I started my own communication firm 25 years ago as a corporate trainer, and I checked with many other trainers to see what was possible. The best advice I was given that still holds true was "consider your audience." I never worked with the top dogs in businesses; I have always been hired to help the front-line workers, the admins, and the lower-level managers learn more about communication skills (American grammar, business writing, interpersonal skills), so my prices reflected that.
Eleven years ago I added editing / copyediting to my offerings, and I did the same type of research. I have several price points that allow me a wide range of clients, from first-time book authors to corporate clients.
Is all this working?
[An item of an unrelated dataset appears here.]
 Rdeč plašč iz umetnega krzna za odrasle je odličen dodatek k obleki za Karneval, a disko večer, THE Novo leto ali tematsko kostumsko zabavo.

Yes! I have been booked solidly these past few years, especially in 2020.
But it's not the money that draws them in; I mean, it's not like I advertise what I charge.
First we need to be visible to our likely clients / customers, right? And diligently working to be seen on social media, primarily on LinkedIn, has given me the way to have others decide if I might be the right fit for their needs, no matter where they live. The internet has opened up the world for a lot of us!
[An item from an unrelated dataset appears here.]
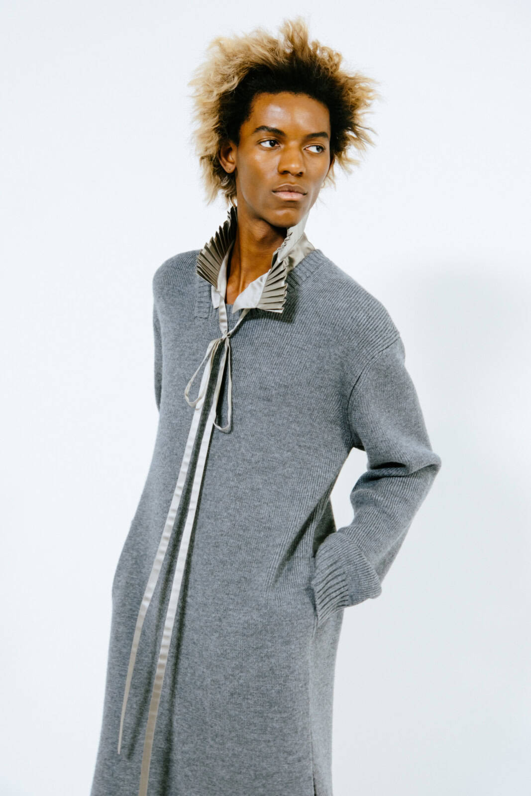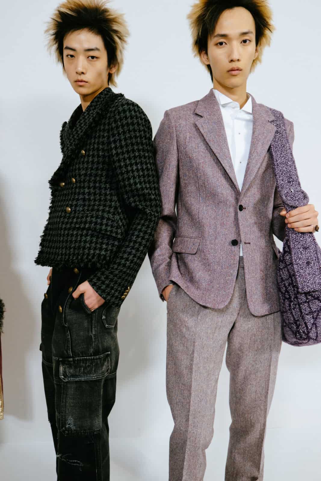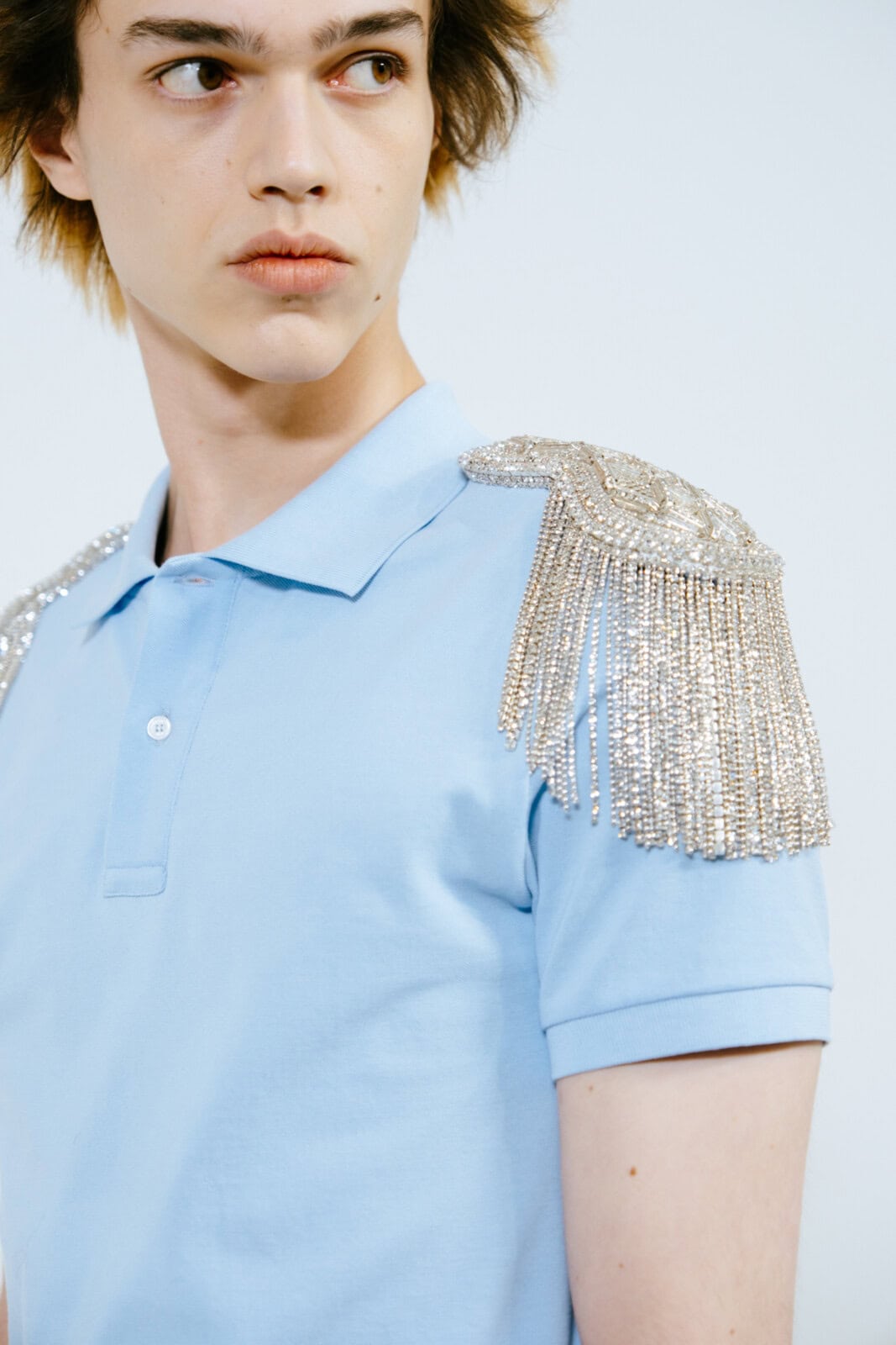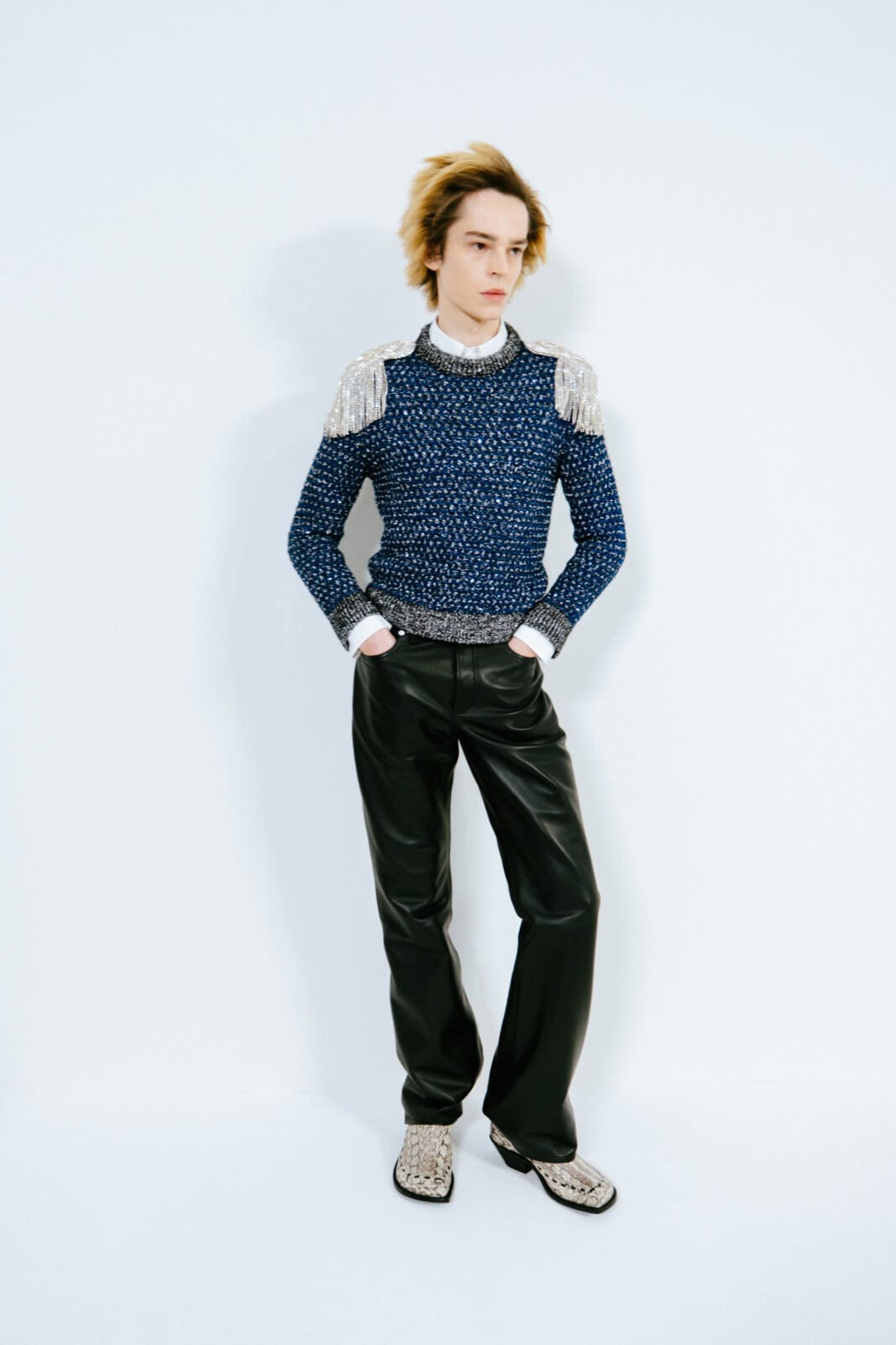 Punkish in attitude (and we’re not just talking about the hair, spiked like it’d been zapped by electricity), the first models out wore drainpipe jeans, rocker boots and camisole-style vests frosted in purple and green sequins. They looked like if Ziggy Stardust and His Spiders From Mars had been teleported to today and were out causing mayhem on the streets of Paris.

Oh this hits! We are a nonprofit so a lot of people think our programs should be free. 🤦🏼♀️ We have to explain that just like some colleges are nonprofits and charge for classes, we charge, too. A lot of it has to do with educating our customer about what they are getting for the cost, but sometimes it’s just annoying how aggressive people get with their opinions. PSA - nonprofits need to make $$$, too!! 😃
Any product or service can be commodified, which results in a race to the lowest price. There’s a continuum that extends up to an experience and a transformation. How well one communicates the value (framing), establishes expectation, encourages trust, promotes transformational change and executes on all fronts will determine price flexibility.
You can’t raise your current prices before all of the above have been soundly established.
In a service business, people buy you before they buy what you do.